Aim of the exercise – Please transcribe the listing below in full and word for word, without its pictures.

Given material –
[Start of section]

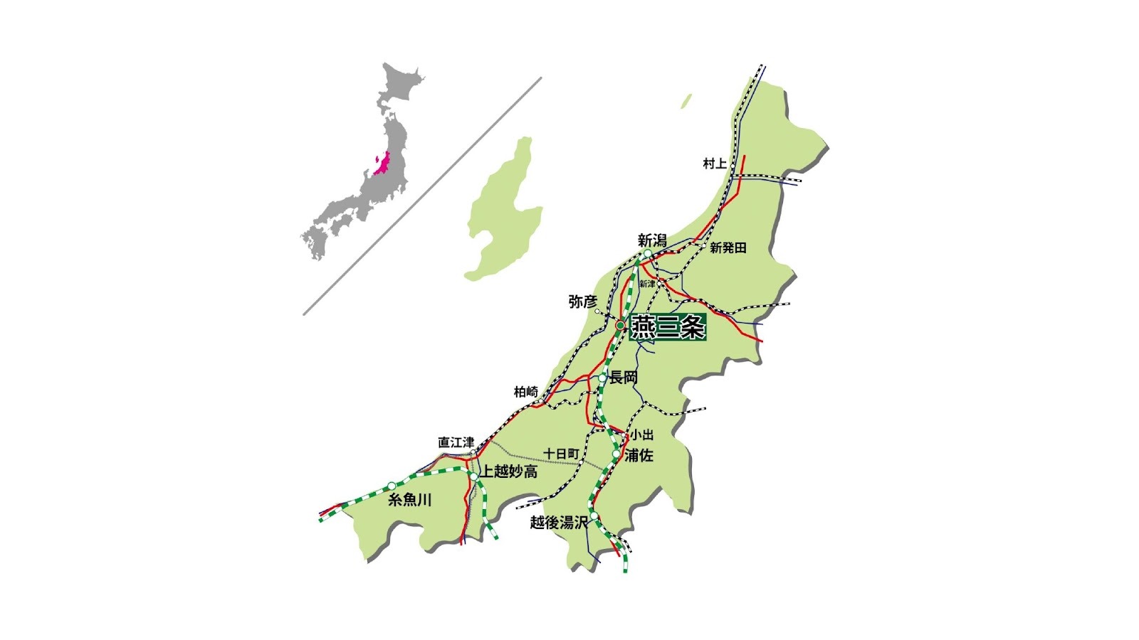 新潟県のほぼど真ん中、県央地域にありまして、燕市と三条市が合わさったエリアの呼称です。
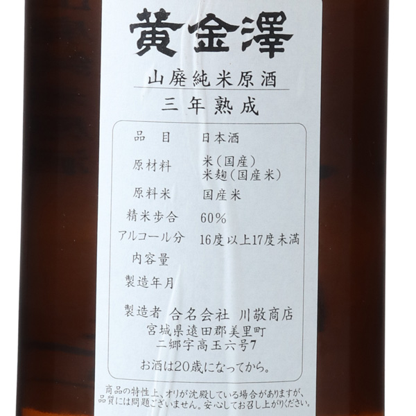 黄金澤 山廃純米三年熟成酒
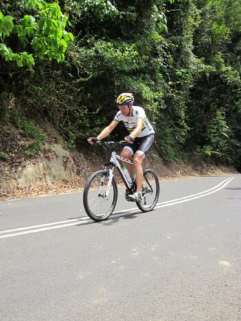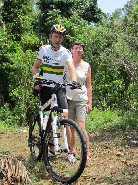 De eerste kilometers van de Crocodile voorbereid: de eerste asfaltklim valt mee, op naar het regenwoud waar de vogels om het hardst fluiten. De eerste echte klim off road is dan weer steil wat voor deze jongen loopwerk betekent !
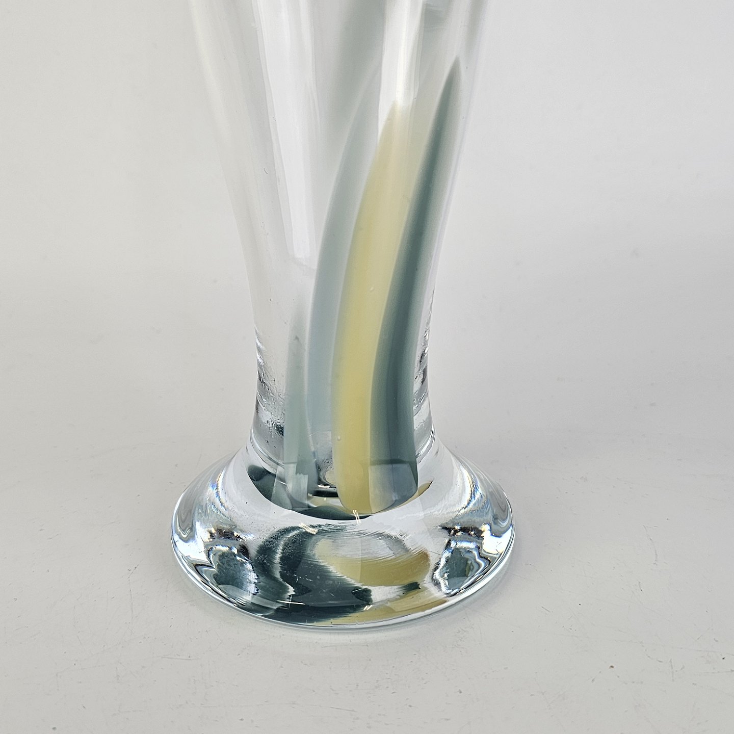 Høj, slank Harmonyvase i klart glas, med gul og blå farve dekoration

[End of section]

Written reply –
 新潟県のほぼど真ん中、県央地域にありまして、燕市と三条市が合わさったエリアの呼称です。
 黄金澤 山廃純米三年熟成酒
 De eerste kilometers van de Crocodile voorbereid: de eerste asfaltklim valt mee, op naar het regenwoud waar de vogels om het hardst fluiten. De eerste echte klim off road is dan weer steil wat voor deze jongen loopwerk betekent !
 Høj, slank Harmonyvase i klart glas, med gul og blå farve dekoration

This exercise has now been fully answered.